== WHAT IS NEEDED ==
Each entry must appear in the answer exactly as given.

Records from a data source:
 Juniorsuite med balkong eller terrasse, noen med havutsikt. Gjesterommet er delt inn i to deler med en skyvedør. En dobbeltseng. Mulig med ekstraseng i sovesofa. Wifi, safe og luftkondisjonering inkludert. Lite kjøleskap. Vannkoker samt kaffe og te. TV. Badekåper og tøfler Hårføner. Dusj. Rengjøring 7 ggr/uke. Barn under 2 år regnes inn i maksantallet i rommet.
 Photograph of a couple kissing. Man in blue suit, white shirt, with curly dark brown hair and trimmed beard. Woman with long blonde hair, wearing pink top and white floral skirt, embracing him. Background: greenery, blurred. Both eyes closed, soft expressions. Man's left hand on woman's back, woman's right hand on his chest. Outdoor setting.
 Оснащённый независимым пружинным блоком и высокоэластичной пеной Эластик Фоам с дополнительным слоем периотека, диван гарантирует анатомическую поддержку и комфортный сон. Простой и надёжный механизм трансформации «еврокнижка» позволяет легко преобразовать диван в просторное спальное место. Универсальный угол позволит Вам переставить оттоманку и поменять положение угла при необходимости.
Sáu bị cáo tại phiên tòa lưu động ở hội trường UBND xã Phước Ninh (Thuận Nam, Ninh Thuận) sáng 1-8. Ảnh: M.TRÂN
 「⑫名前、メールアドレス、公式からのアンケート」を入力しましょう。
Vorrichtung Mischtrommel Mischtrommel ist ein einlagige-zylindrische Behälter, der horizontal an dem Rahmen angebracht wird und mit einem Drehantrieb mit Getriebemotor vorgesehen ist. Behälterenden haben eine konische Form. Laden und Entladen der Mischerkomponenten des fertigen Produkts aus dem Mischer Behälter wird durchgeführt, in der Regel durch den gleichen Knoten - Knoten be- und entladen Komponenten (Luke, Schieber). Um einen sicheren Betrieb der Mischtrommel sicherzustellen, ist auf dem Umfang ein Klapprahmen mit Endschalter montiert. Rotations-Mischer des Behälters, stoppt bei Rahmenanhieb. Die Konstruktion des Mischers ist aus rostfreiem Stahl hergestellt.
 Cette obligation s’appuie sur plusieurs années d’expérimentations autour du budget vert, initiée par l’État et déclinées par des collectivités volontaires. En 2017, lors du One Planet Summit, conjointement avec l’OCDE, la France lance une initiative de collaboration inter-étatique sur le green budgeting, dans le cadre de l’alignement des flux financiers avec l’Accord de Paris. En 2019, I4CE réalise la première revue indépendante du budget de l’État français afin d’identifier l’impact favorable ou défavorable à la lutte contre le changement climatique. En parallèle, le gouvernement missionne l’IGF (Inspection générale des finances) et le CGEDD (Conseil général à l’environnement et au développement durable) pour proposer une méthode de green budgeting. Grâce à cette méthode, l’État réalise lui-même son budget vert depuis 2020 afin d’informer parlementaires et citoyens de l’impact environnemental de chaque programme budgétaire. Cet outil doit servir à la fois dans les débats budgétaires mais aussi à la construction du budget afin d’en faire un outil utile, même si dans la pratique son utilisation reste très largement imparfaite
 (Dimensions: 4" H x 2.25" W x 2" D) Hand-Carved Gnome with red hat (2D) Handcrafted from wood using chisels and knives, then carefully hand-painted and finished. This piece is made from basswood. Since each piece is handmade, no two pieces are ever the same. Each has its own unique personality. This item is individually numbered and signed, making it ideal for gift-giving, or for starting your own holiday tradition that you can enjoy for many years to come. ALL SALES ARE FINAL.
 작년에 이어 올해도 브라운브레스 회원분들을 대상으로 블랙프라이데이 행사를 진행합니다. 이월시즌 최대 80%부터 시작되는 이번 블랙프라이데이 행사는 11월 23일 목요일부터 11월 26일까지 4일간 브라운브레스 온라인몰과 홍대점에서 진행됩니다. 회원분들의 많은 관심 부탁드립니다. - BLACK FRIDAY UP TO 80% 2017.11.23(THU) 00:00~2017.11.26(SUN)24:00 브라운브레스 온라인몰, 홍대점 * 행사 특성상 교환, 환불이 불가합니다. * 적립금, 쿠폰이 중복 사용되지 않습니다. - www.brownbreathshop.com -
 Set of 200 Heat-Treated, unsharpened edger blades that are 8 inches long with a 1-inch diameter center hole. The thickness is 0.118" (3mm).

== RESULT FOR THIS TASK ==
 Juniorsuite med balkong eller terrasse, noen med havutsikt. Gjesterommet er delt inn i to deler med en skyvedør. En dobbeltseng. Mulig med ekstraseng i sovesofa. Wifi, safe og luftkondisjonering inkludert. Lite kjøleskap. Vannkoker samt kaffe og te. TV. Badekåper og tøfler Hårføner. Dusj. Rengjøring 7 ggr/uke. Barn under 2 år regnes inn i maksantallet i rommet.
 Photograph of a couple kissing. Man in blue suit, white shirt, with curly dark brown hair and trimmed beard. Woman with long blonde hair, wearing pink top and white floral skirt, embracing him. Background: greenery, blurred. Both eyes closed, soft expressions. Man's left hand on woman's back, woman's right hand on his chest. Outdoor setting.
 Оснащённый независимым пружинным блоком и высокоэластичной пеной Эластик Фоам с дополнительным слоем периотека, диван гарантирует анатомическую поддержку и комфортный сон. Простой и надёжный механизм трансформации «еврокнижка» позволяет легко преобразовать диван в просторное спальное место. Универсальный угол позволит Вам переставить оттоманку и поменять положение угла при необходимости.
Sáu bị cáo tại phiên tòa lưu động ở hội trường UBND xã Phước Ninh (Thuận Nam, Ninh Thuận) sáng 1-8. Ảnh: M.TRÂN
 「⑫名前、メールアドレス、公式からのアンケート」を入力しましょう。
Vorrichtung Mischtrommel Mischtrommel ist ein einlagige-zylindrische Behälter, der horizontal an dem Rahmen angebracht wird und mit einem Drehantrieb mit Getriebemotor vorgesehen ist. Behälterenden haben eine konische Form. Laden und Entladen der Mischerkomponenten des fertigen Produkts aus dem Mischer Behälter wird durchgeführt, in der Regel durch den gleichen Knoten - Knoten be- und entladen Komponenten (Luke, Schieber). Um einen sicheren Betrieb der Mischtrommel sicherzustellen, ist auf dem Umfang ein Klapprahmen mit Endschalter montiert. Rotations-Mischer des Behälters, stoppt bei Rahmenanhieb. Die Konstruktion des Mischers ist aus rostfreiem Stahl hergestellt.
 Cette obligation s’appuie sur plusieurs années d’expérimentations autour du budget vert, initiée par l’État et déclinées par des collectivités volontaires. En 2017, lors du One Planet Summit, conjointement avec l’OCDE, la France lance une initiative de collaboration inter-étatique sur le green budgeting, dans le cadre de l’alignement des flux financiers avec l’Accord de Paris. En 2019, I4CE réalise la première revue indépendante du budget de l’État français afin d’identifier l’impact favorable ou défavorable à la lutte contre le changement climatique. En parallèle, le gouvernement missionne l’IGF (Inspection générale des finances) et le CGEDD (Conseil général à l’environnement et au développement durable) pour proposer une méthode de green budgeting. Grâce à cette méthode, l’État réalise lui-même son budget vert depuis 2020 afin d’informer parlementaires et citoyens de l’impact environnemental de chaque programme budgétaire. Cet outil doit servir à la fois dans les débats budgétaires mais aussi à la construction du budget afin d’en faire un outil utile, même si dans la pratique son utilisation reste très largement imparfaite
 (Dimensions: 4" H x 2.25" W x 2" D) Hand-Carved Gnome with red hat (2D) Handcrafted from wood using chisels and knives, then carefully hand-painted and finished. This piece is made from basswood. Since each piece is handmade, no two pieces are ever the same. Each has its own unique personality. This item is individually numbered and signed, making it ideal for gift-giving, or for starting your own holiday tradition that you can enjoy for many years to come. ALL SALES ARE FINAL.
 작년에 이어 올해도 브라운브레스 회원분들을 대상으로 블랙프라이데이 행사를 진행합니다. 이월시즌 최대 80%부터 시작되는 이번 블랙프라이데이 행사는 11월 23일 목요일부터 11월 26일까지 4일간 브라운브레스 온라인몰과 홍대점에서 진행됩니다. 회원분들의 많은 관심 부탁드립니다. - BLACK FRIDAY UP TO 80% 2017.11.23(THU) 00:00~2017.11.26(SUN)24:00 브라운브레스 온라인몰, 홍대점 * 행사 특성상 교환, 환불이 불가합니다. * 적립금, 쿠폰이 중복 사용되지 않습니다. - www.brownbreathshop.com -
 Set of 200 Heat-Treated, unsharpened edger blades that are 8 inches long with a 1-inch diameter center hole. The thickness is 0.118" (3mm).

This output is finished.